→ **WHAT YOU NEED TO DO**
All that is wanted is the exact text of the lines below from the one with "木目調の背景には勇壮な龍を配" through the one with "BX18504 - A", inclusive, minus any pictures.

→ **MATERIAL FOR THIS TASK**
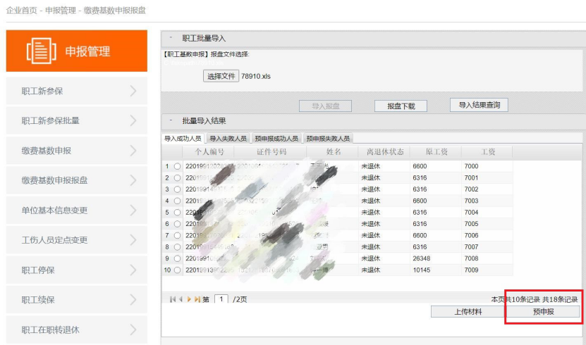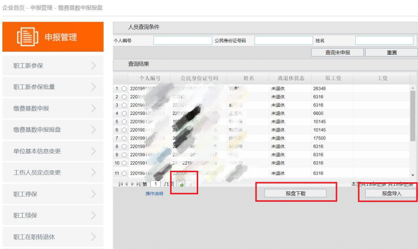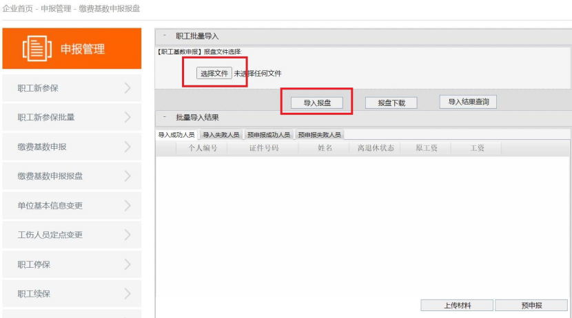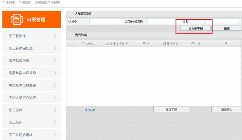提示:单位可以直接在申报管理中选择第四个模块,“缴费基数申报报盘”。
...
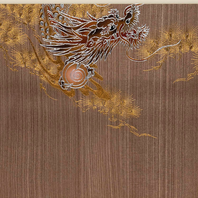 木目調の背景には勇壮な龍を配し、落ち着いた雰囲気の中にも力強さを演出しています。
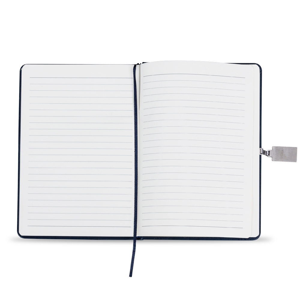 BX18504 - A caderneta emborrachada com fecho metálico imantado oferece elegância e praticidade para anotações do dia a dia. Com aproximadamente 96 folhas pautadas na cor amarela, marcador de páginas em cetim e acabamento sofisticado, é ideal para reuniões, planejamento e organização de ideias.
---
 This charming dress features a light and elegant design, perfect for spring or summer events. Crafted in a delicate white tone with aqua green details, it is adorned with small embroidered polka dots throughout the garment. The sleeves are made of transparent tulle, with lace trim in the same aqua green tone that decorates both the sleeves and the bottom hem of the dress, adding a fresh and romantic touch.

→ **ANSWER SPACE**
 木目調の背景には勇壮な龍を配し、落ち着いた雰囲気の中にも力強さを演出しています。
 BX18504 - A caderneta emborrachada com fecho metálico imantado oferece elegância e praticidade para anotações do dia a dia. Com aproximadamente 96 folhas pautadas na cor amarela, marcador de páginas em cetim e acabamento sofisticado, é ideal para reuniões, planejamento e organização de ideias.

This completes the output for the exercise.